Par contre, certains arbres et plantes peuvent attendre de nombreuses années avant d’être en mesure de produire leurs premières graines (comme c’est le cas du petit prêcheur) ou alterneront entre des années de forte production et des années plutôt maigres. De plus, sans parler de soins parentaux, des arbres poussant à proximité les uns des autres peuvent s’entraider par leurs racines et le réseau mycorhizien***. Ces caractéristiques seraient donc plus celles d’espèces de sélection K.

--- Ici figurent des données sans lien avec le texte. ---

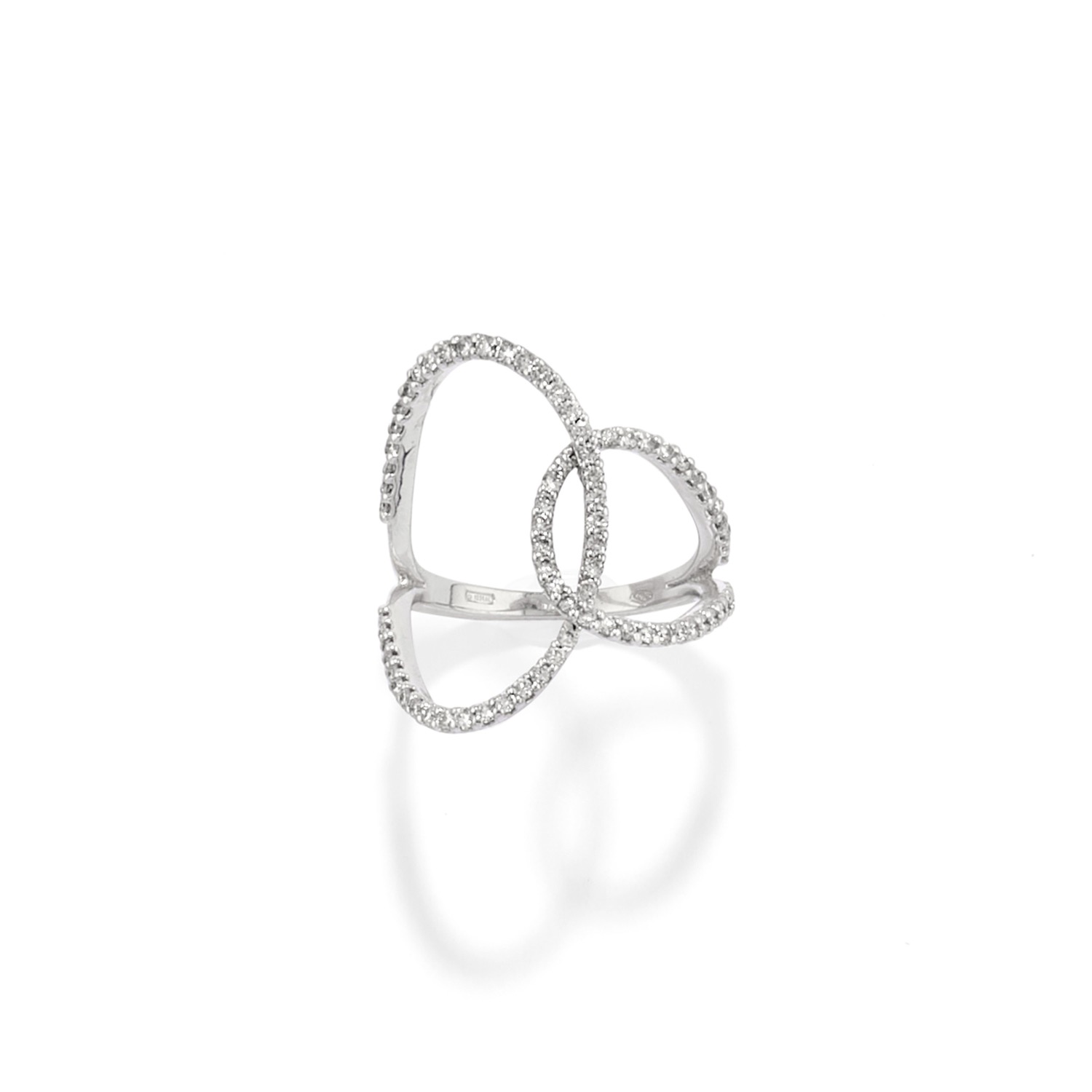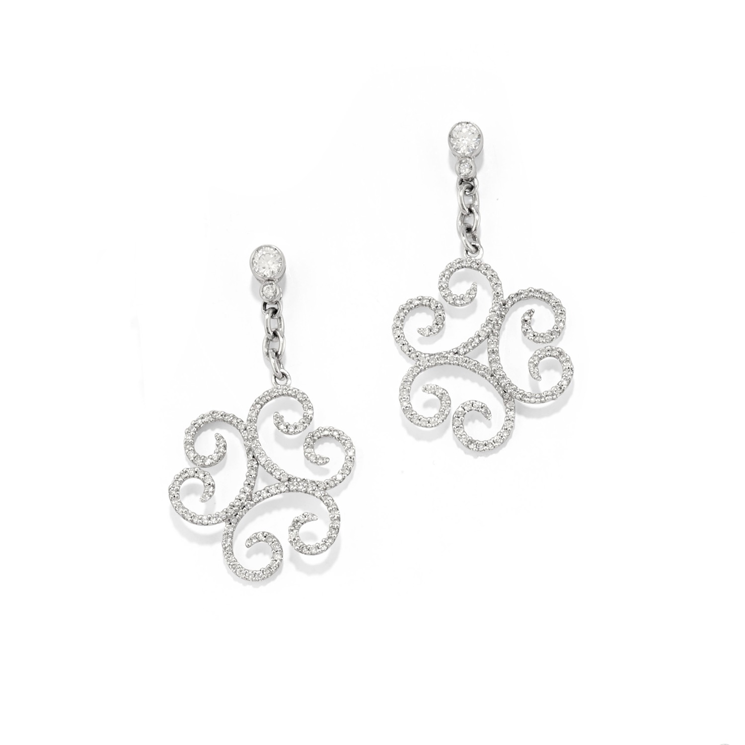 orecchini pendenti con motivi a volute con diamanti taglio brillante, chiusura a perno e farfalla, e anello a doppio nodo.

Sans être un modèle parfait, ces deux stratégies nous permettent d’observer et de comprendre les espèces sous un nouvel angle en ce qui concerne leur reproduction. Cela permet également de comprendre pourquoi des caractéristiques ou des comportements particuliers sont plus fréquents que d’autres (ou d’autres ou d’autres).

NOTES

* La variable « r » représente le taux de croissance d’une population. La sélection r fait donc référence à une sélection qui met au premier plan l’accroissement de la population par une forte production de descendants.

** La variable « K » représente la capacité de support du milieu. La sélection K fait donc référence à une sélection qui tend à atteindre un nombre d’individus plutôt stable et en équilibre avec ce que le milieu peut fournir comme ressource. On y reviendra plus en détail sur cette capacité de support du milieu.

*** Cet étonnant réseau souterrain est primordial pour la santé de nos milieux forestiers, et de bien d’autres types d’écosystèmes d’ailleurs. On te parle de cette relation symbiotique entre les champignons et les végétaux, juste ici!  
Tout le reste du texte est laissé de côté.